RECORDS FOR THE TASK START
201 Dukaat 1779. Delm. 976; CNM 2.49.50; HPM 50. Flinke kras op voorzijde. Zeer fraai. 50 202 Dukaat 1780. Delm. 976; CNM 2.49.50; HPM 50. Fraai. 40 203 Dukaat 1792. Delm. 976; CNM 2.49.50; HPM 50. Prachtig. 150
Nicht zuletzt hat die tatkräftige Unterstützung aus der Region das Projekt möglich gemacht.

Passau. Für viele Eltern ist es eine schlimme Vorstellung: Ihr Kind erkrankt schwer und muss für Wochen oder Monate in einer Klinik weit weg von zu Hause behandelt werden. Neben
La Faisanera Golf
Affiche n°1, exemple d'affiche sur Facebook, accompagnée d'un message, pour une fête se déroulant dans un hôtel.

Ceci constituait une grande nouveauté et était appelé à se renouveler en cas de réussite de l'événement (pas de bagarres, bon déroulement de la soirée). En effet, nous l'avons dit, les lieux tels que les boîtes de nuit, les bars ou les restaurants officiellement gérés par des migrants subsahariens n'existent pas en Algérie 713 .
RECORDS FOR THE TASK END
RECORDS FOR THE TASK START
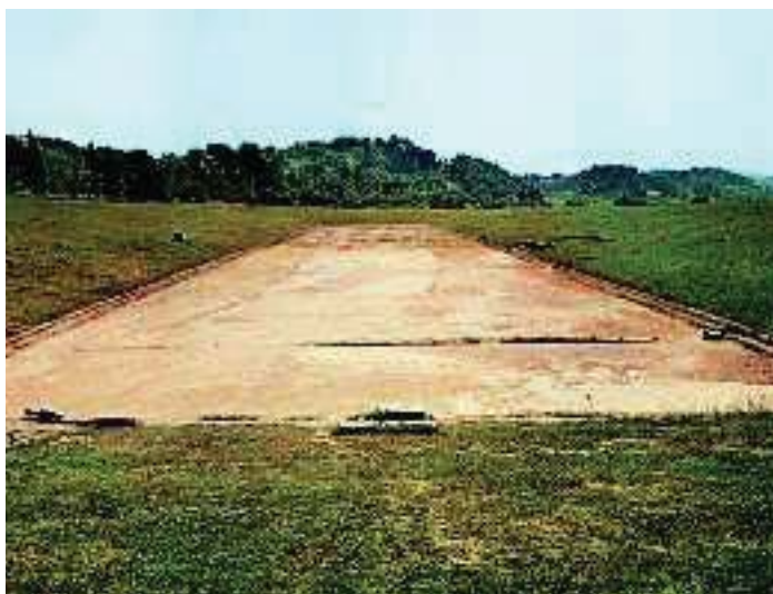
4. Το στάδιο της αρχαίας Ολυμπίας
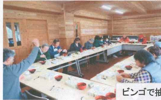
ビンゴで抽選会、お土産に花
RECORDS FOR THE TASK END
RECORDS FOR THE TASK START
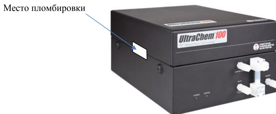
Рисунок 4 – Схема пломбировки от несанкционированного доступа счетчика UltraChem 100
RECORDS FOR THE TASK END
WHAT YOU NEED TO DO =>
For this exercise, repeat exactly the lines of the data above from the one with "201 Dukaat 1779." down to the one with "Affiche n°1, exemple", both end lines included.

RESULT BELOW =>
201 Dukaat 1779. Delm. 976; CNM 2.49.50; HPM 50. Flinke kras op voorzijde. Zeer fraai. 50 202 Dukaat 1780. Delm. 976; CNM 2.49.50; HPM 50. Fraai. 40 203 Dukaat 1792. Delm. 976; CNM 2.49.50; HPM 50. Prachtig. 150
Nicht zuletzt hat die tatkräftige Unterstützung aus der Region das Projekt möglich gemacht.

Passau. Für viele Eltern ist es eine schlimme Vorstellung: Ihr Kind erkrankt schwer und muss für Wochen oder Monate in einer Klinik weit weg von zu Hause behandelt werden. Neben
La Faisanera Golf
Affiche n°1, exemple d'affiche sur Facebook, accompagnée d'un message, pour une fête se déroulant dans un hôtel.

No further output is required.